**YOUR GOAL**
Set down the full listing below word for word; pictures stay out of the copy.

[AVAILABLE DATA — start]

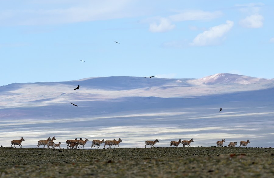 Photo taken on July 17, 2020 shows Tibetan antelopes near Rongmar Township of Nyima County at the Qiangtang National Nature Reserve in southwest China's Tibet Autonomous Region. (Xinhua/Chogo)
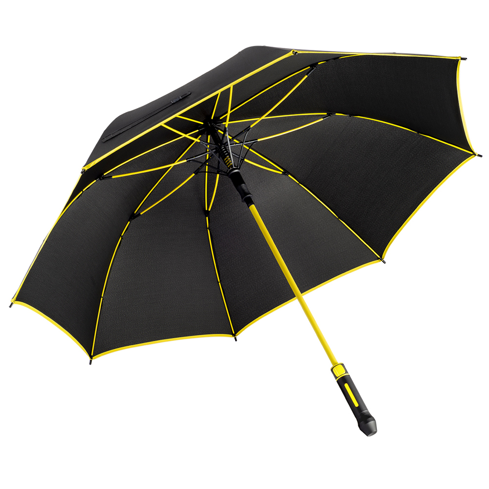 Der Regenschirm verfügt über eine Bespannung aus 190T Pongee mit farblicher Bordüre und einem Durchmesser von ca. 120 cm. Im geschlossenen Zustand ist er etwa 95 cm lang und lässt sich per Automatik öffnen. Der Schirm besteht aus 8 Segmenten und ist mit 68 cm langen Fiberglasspeichen sowie einem 14 mm Fiberglas-Schaft in der Farbe der Bespannung ausgestattet. Zudem bietet der Schirm eine Windproof-Funktion für zusätzliche Stabilität. Der schwarze, gummierte Kunststoffgriff kann mit seitlichem Doming veredelt werden und sorgt für einen komfortablen Halt.
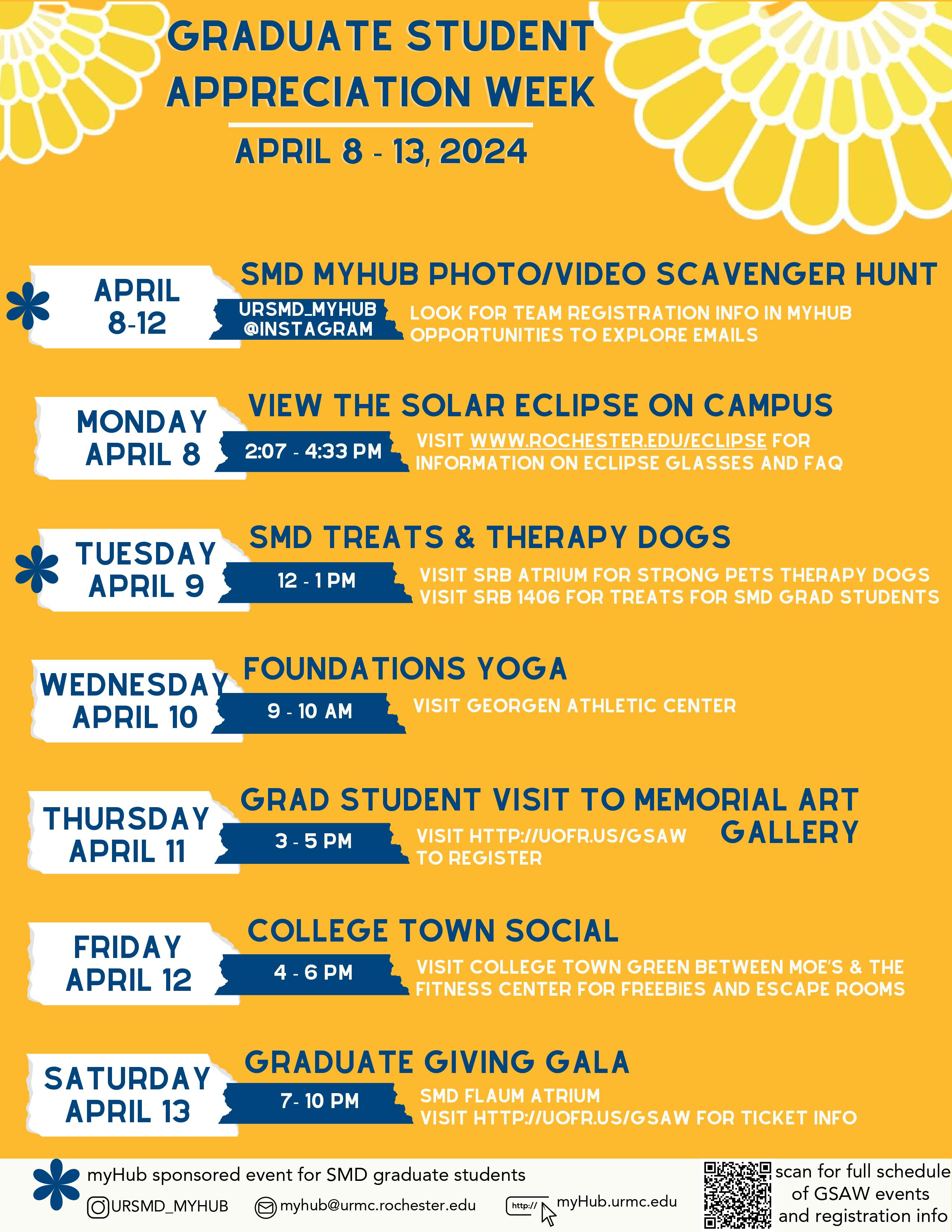 Graduate Student Appreciation Week starts April 8 and we invite you to end it with a BANG at the 2024 Graduate Giving Gala! Join GSA,GSS, GSOC, and SACNAS at 7 pm on April 13th in the Flaum Atrium for food, drinks, and dancing with music by DJ Dr. Griffs. Be sure to bring cash for the Gala Raffle which will feature gift baskets packed with enticing items from many local businesses! Proceeds from the Gala Raffle will be donated to Golisano Children’s Hospital & The Center for Youth.
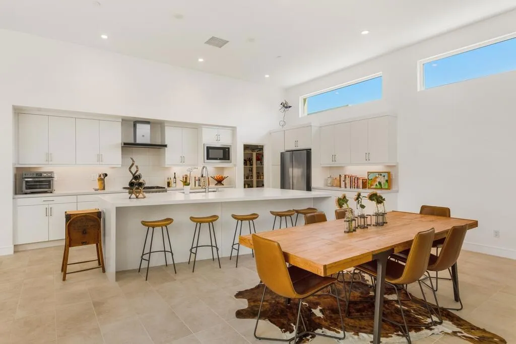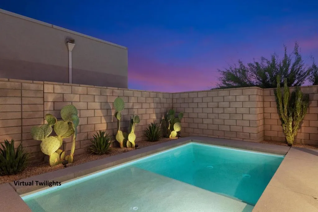 Reduced and priced to sell ! Exclusive private gated community of Miralon in Palm Springs, just minutes from downtown! This PLC Communities built home comes with OWNED SOLAR, providing energy efficiency, savings, and long-term value. The private yard features a sparkling 8x15 cocktail pool with tanning shelf and umbrella sleeve, outdoor shower, programmable pool heater, drip irrigation, and landscape lighting--all framed by a peek at the San Jacinto Mountains. Inside, the modern open floor plan is filled with natural light. The kitchen boasts premium Bertazzoni & Bosch appliances, a Samsung refrigerator with interior beverage center, crisp white cabinetry, and a large island with bar seating. Smart home upgrades include Brilliant switches, Honeywell smart thermostat, programmable exterior lights, Ring system, and keyless entry. All bedrooms are spacious, including a primary retreat with outdoor access. With 3.5 baths, three with walk-in showers, the home blends comfort and style. Community amenities include lakes, dog parks, walking trails, plus a clubhouse with pools, spa, gym, yoga/Pilates, bar, demo kitchen, herb gardens, olive tree groves and more!

[AVAILABLE DATA — finish]

**EXERCISE SOLUTION**
 Photo taken on July 17, 2020 shows Tibetan antelopes near Rongmar Township of Nyima County at the Qiangtang National Nature Reserve in southwest China's Tibet Autonomous Region. (Xinhua/Chogo)
 Der Regenschirm verfügt über eine Bespannung aus 190T Pongee mit farblicher Bordüre und einem Durchmesser von ca. 120 cm. Im geschlossenen Zustand ist er etwa 95 cm lang und lässt sich per Automatik öffnen. Der Schirm besteht aus 8 Segmenten und ist mit 68 cm langen Fiberglasspeichen sowie einem 14 mm Fiberglas-Schaft in der Farbe der Bespannung ausgestattet. Zudem bietet der Schirm eine Windproof-Funktion für zusätzliche Stabilität. Der schwarze, gummierte Kunststoffgriff kann mit seitlichem Doming veredelt werden und sorgt für einen komfortablen Halt.
 Graduate Student Appreciation Week starts April 8 and we invite you to end it with a BANG at the 2024 Graduate Giving Gala! Join GSA,GSS, GSOC, and SACNAS at 7 pm on April 13th in the Flaum Atrium for food, drinks, and dancing with music by DJ Dr. Griffs. Be sure to bring cash for the Gala Raffle which will feature gift baskets packed with enticing items from many local businesses! Proceeds from the Gala Raffle will be donated to Golisano Children’s Hospital & The Center for Youth.
 Reduced and priced to sell ! Exclusive private gated community of Miralon in Palm Springs, just minutes from downtown! This PLC Communities built home comes with OWNED SOLAR, providing energy efficiency, savings, and long-term value. The private yard features a sparkling 8x15 cocktail pool with tanning shelf and umbrella sleeve, outdoor shower, programmable pool heater, drip irrigation, and landscape lighting--all framed by a peek at the San Jacinto Mountains. Inside, the modern open floor plan is filled with natural light. The kitchen boasts premium Bertazzoni & Bosch appliances, a Samsung refrigerator with interior beverage center, crisp white cabinetry, and a large island with bar seating. Smart home upgrades include Brilliant switches, Honeywell smart thermostat, programmable exterior lights, Ring system, and keyless entry. All bedrooms are spacious, including a primary retreat with outdoor access. With 3.5 baths, three with walk-in showers, the home blends comfort and style. Community amenities include lakes, dog parks, walking trails, plus a clubhouse with pools, spa, gym, yoga/Pilates, bar, demo kitchen, herb gardens, olive tree groves and more!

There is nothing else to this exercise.